PROBLEM DESCRIPTION: Without any pictures, print the lines below from the one that has "Aboitiz Land Inc." through the one that has "Radnici Drvne industrije", exactly and nothing else.

BEGIN

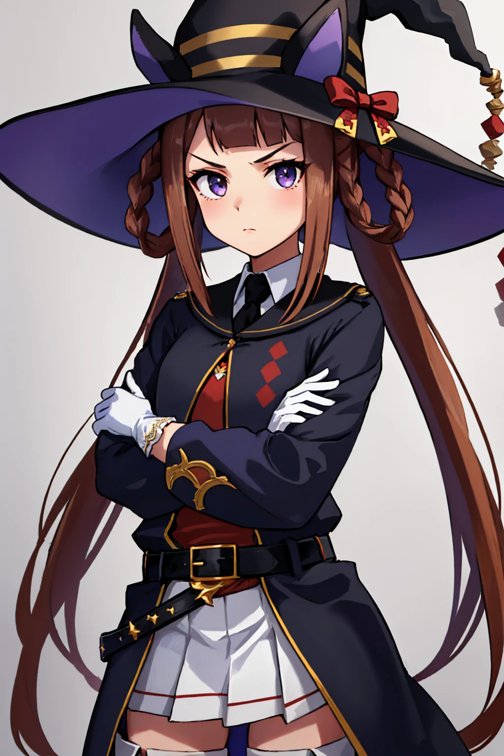 witch hat, robe, white gloves, white skirt, thigh boots, belt
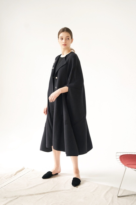 たっぷりとしたドレープ感でどのような体形の方にも素敵にお召しいただけるロングマントや、フード部分の襟幅が大きくエレガントにもカジュアルにもお召頂ける両面使いのコート、立ち襟からのVネックが美しい定番セーターなどを始め、テクニック不要で装いに格が備わるマフラーやファー使いが華やかなニット帽などの小物類も勢揃いします。
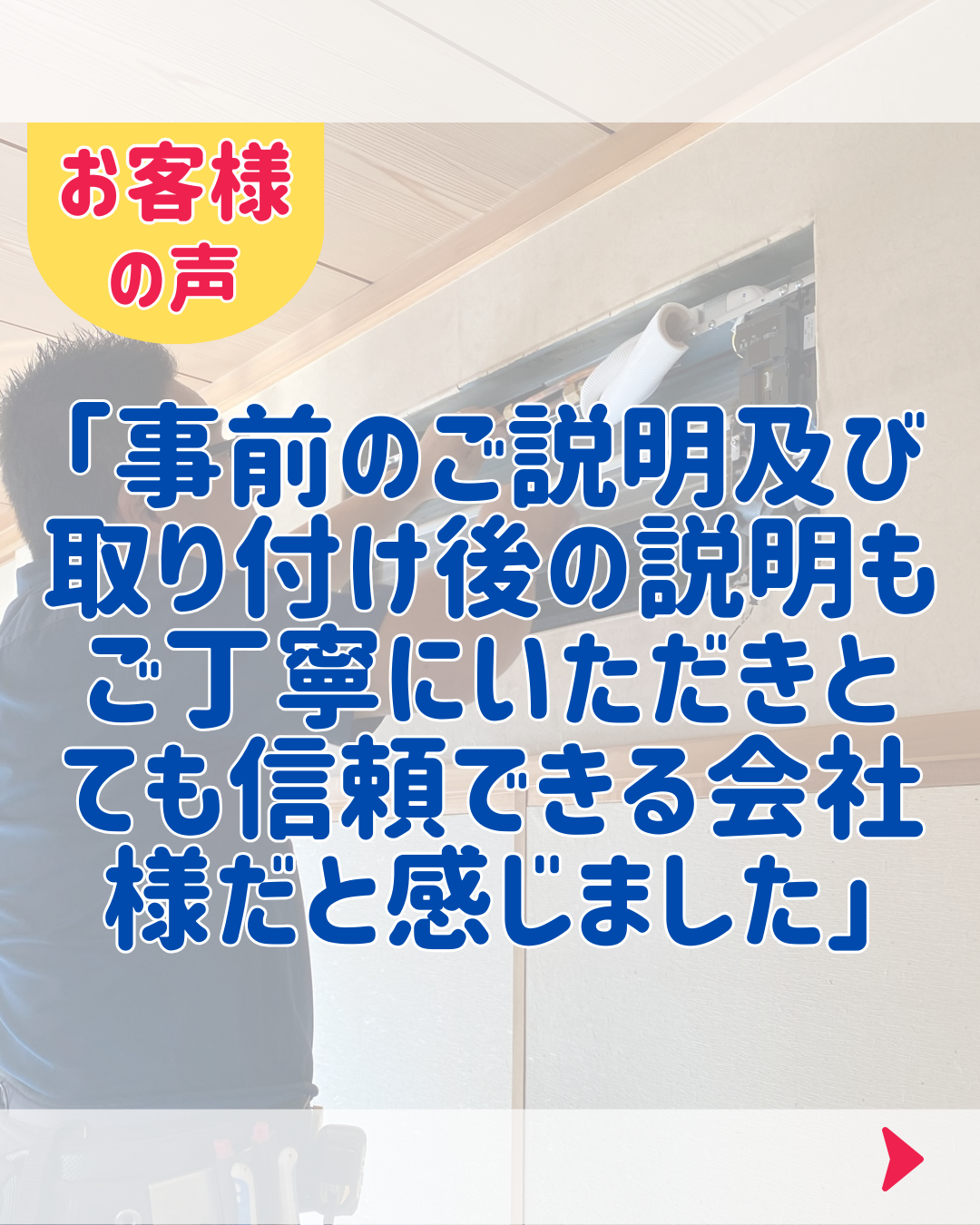 取り付けはもちろんのこと、事前のご説明及び取り付け後の説明もご丁寧にいただき、とても信頼できる会社様だと感じました。
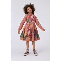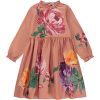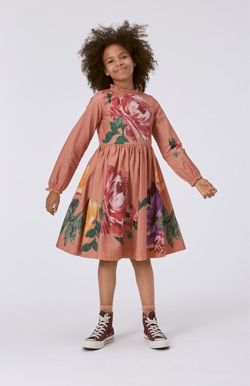 Rosa knälång klänning med blommigt mönster. Mönstret är handmålade blommor och om du tittar efter riktigt noga kan du se penseldragen. Detta mönster r speciellt då det är Molo´s egen och nya version av ett mönster som skapades på en silkesmölla i Lyon i Frankrike. En plats som har jobbat med alla de stora namnen som t.ex. Givenchy, Balenciaga, Chanel, Dior och nu också, Molo kids. Denna klänning är tillverkad i 100% bomull, har rund hals med volangdetalj, långa ärmar med volangdetalj, hög midja, kjol med mycket volym och en normal passform.
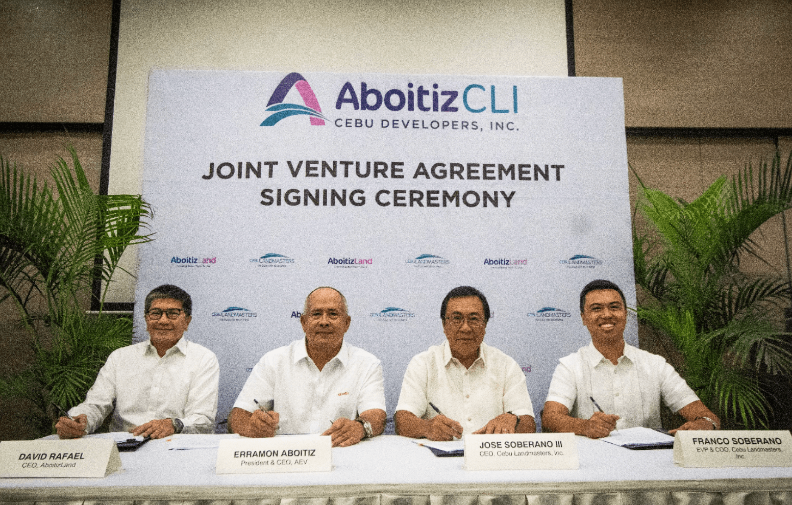 Aboitiz Land Inc. represented by CEO David Rafael and AEV president and CEO Erramon Aboitiz, together with Cebu Landmasters represented by president and CEO Jose Soberano III and EVP and COO Franco Soberano sign the contract for the joint venture company AboitizCLI Cebu Developers, Inc.
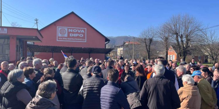 Radnici Drvne industrije “Nova DIPO” iz Gornjih Podgradaca okupili su se jutros ispred kapije ovog preduzeća koja je za njih oko stotinu zatvorena. Uprava firme im je naprasno udijelila otkaze, uz 56 mjeseci neplaćenih doprinosa i tri neisplaćene neto plate.
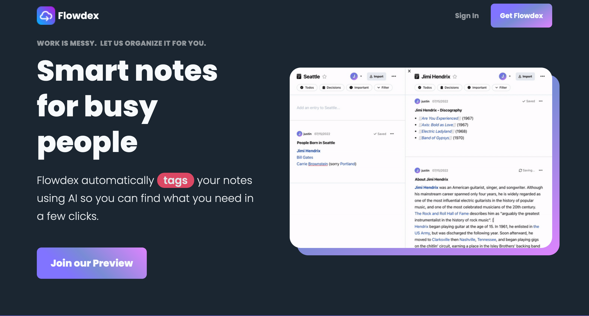Flowdex is suited for both, personal and professional projects. No matter if you want to take meeting notes, journal entries, recipes, academic research or anything else, Flowdex is a great place for all your thoughts no matter what you want to capture, the most important thing overall is to actually capture them. With Flowdex you can also keep your whole team in the know. Create a wiki for your team, use Flowdex, and you never have to worry about where to put stuff, but you will always know where things are stored when you need them. Thanks to the power of AI. At the core, Flowdex is built around the idea of flows, and a flow is a stream of notes, about one topic. For example you can set up a flow for a recurring meeting, and within this flow you can then jot down notes and thoughts regarding each meeting about a specific topic. Within a flow you can also jot down tasks, or mark dedicated bits with an important tag. Once you finished taking your notes and jotting down your to-dos, Flowdex lets you highlight specific content of your notes. For example, you can only highlight the task you have jotted down within a flow, or only highlight the bits you marked as important. This is incredible helpful, since you do not have to search through all of your notes and instead use the smart views within your flows in Flowdex.
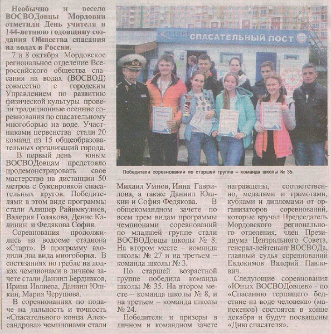 Так, в номере газеты за 11 октября 2016 года, на восьмой полосе в рубрике «Спорт» напечатан материал «Юные ВОСВОДовцы определили лучших», в котором рассказывается о соревнованиях по спасательному многоборью на воде среди «Юных ВОСВОДовцев» общеобразовательных организаций городского округа Саранск, посвященных Дню учителя и 144-й годовщине создания Общества спасания на водах в нашей стране. Вместе с материалом напечатаны две фотографии (одна из них – прилагается). Приводим дословно текст данной публикации:

END

RESULT FOR THIS TASK:
 Aboitiz Land Inc. represented by CEO David Rafael and AEV president and CEO Erramon Aboitiz, together with Cebu Landmasters represented by president and CEO Jose Soberano III and EVP and COO Franco Soberano sign the contract for the joint venture company AboitizCLI Cebu Developers, Inc.
 Radnici Drvne industrije “Nova DIPO” iz Gornjih Podgradaca okupili su se jutros ispred kapije ovog preduzeća koja je za njih oko stotinu zatvorena. Uprava firme im je naprasno udijelila otkaze, uz 56 mjeseci neplaćenih doprinosa i tri neisplaćene neto plate.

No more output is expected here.